As this study is, to the best of our knowledge, the first to investigate the feasibility of the ultrasound-microbubble technique for periodontal tissue treatment, further studies are needed to better understand gingival inflammation and disease. For example, while the effects of NF-κB transfection into healthy gingival tissue were the main focus of this study, the effects of such transfection on periodontal lesions and diseased tissue should be examined using mouse models of periodontal inflammation, bacterial infection or systemic inflammation to elucidate the potential applications for this methodology of drug delivery in clinical cases of periodontal disease. In addition, in the current study, we analyzed the transfection efficiency and protein expression levels of immune-related proteins within the gingiva at only 2 h post transfection. As such, further research is required to characterize the pharmacokinetics of the decoy ODN within periodontal tissues over a longer period. Meanwhile, a previous study demonstrated that NF-κB decoy ODN transfection accelerated the regeneration of the alveolar bone loss region.31 Therefore, it would also be interesting to determine how this ultrasound-microbubble approach could be applied to mouse models of alveolar bone deficiency to further investigate the effects of NF-κB on alveolar bone regeneration.

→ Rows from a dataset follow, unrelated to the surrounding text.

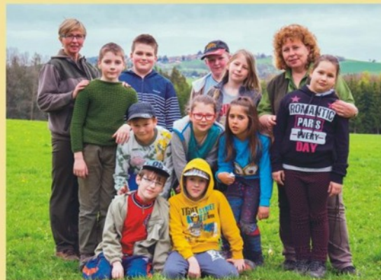
Mladí myslivci - Haluzníci
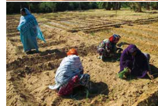
ONG Amadal Amagal : Autonomie et éducation au Niger
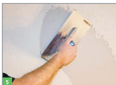
5 Optional Aufbringen des Feinputzes BOTAZIT® RENOVATION FP
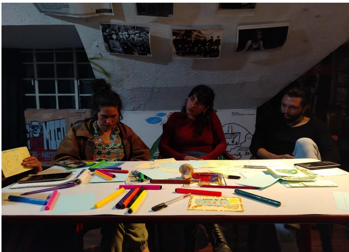
Imagen 6. Tercer encuentro co-laboratorio.
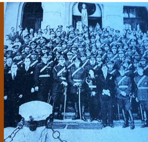
Promoția 1917 la absolvirea Școlii Pregătitoare de Geniu

În fiecare colț al soclului se află poziționați câte
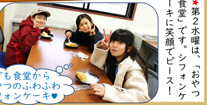
子ども食堂からおやつふわふわシフォンケーキ♡
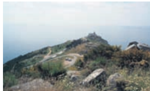
Haukur tók aukakrók til Heimsenda (Finisterre).
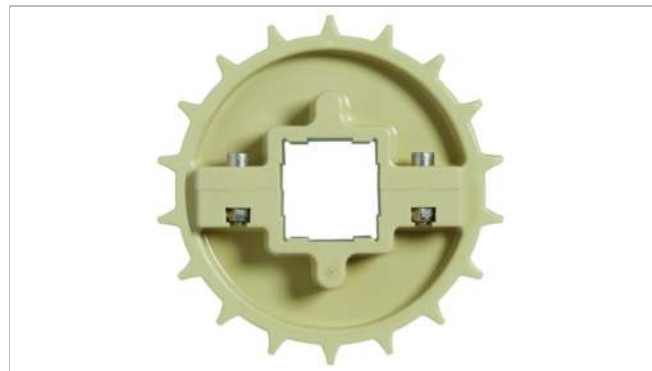
Piñón partido en dos
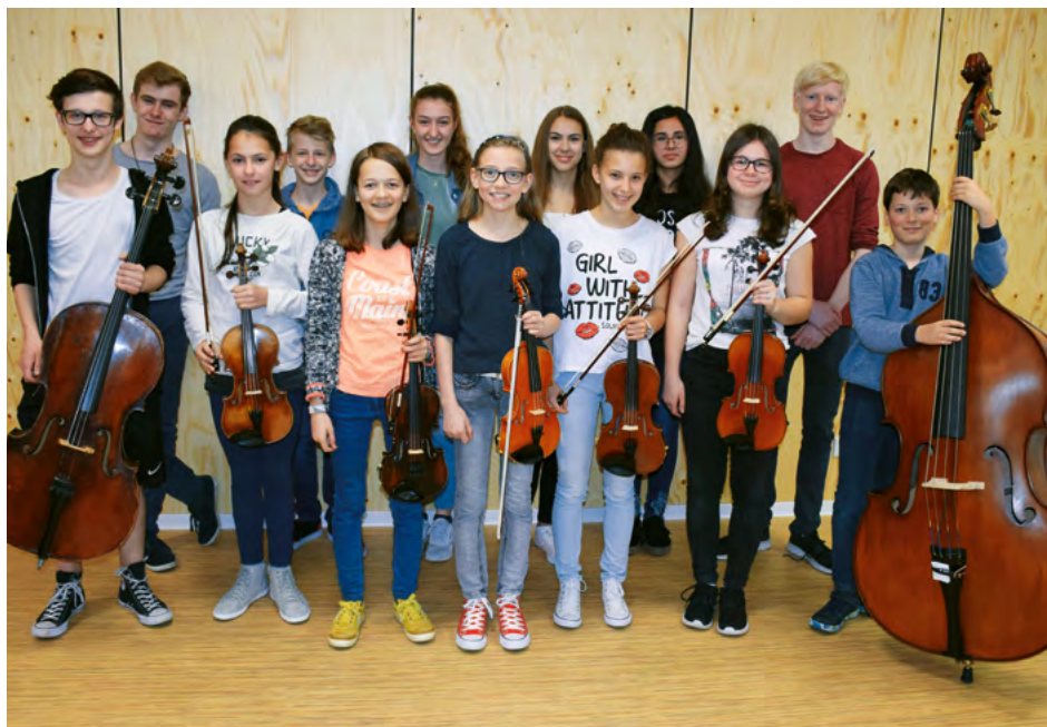
Streicher-AG des Gymnasiums Schramberg
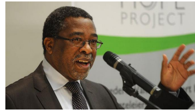
Politieke ontleder, Moeletsi Mbeki

“This is not about land. It is about the loss of votes by the ANC and its little son, the EFF. They think they can bring back the voters who are abandoning the ANC by attacking the white population. It’s an attack on the white citizens of South Africa.”
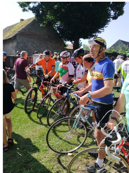
Na startu nadšenci v každém věku
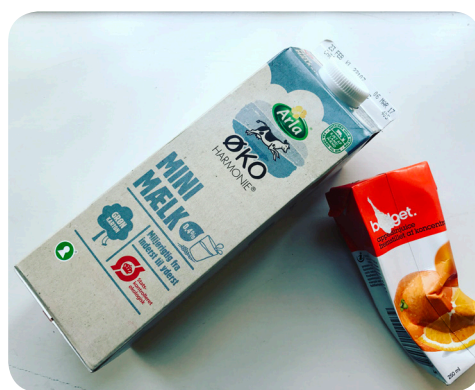
Mælke, yoghurt- og juicekartoner ligner pap, men består af pap og plastik, og kan derfor ikke genanvendes som pap - de skal afleveres i restaffald.

In the present study, we demonstrated that transfection of the NF-κB decoy using the ultrasound-microbubble technique resulted in decreased expression of IL-1β, IL-6 and ICAM-1 within the periodontal tissues of mice. These findings suggest that the ultrasound-microbubble technique is an effective method for decoy transfection within this particular cellular context and should therefore be evaluated for the introduction of other genes, decoy ODNs and drugs into oral tissues. Our method may also have therapeutic potential for periodontal disease, particularly during the initiation and healing stages, without the need for invasive measures or severe side effects. However, additional studies are needed to investigate the clinical application of ultrasound-microbubble decoy ODN transfection for the treatment of other kinds of inflammatory diseases.


We express our thanks and gratitude to Professor Mitsuaki Isobe for his helpful comments on the manuscript and to Dr Ryo Watanabe for his kind technical assistance.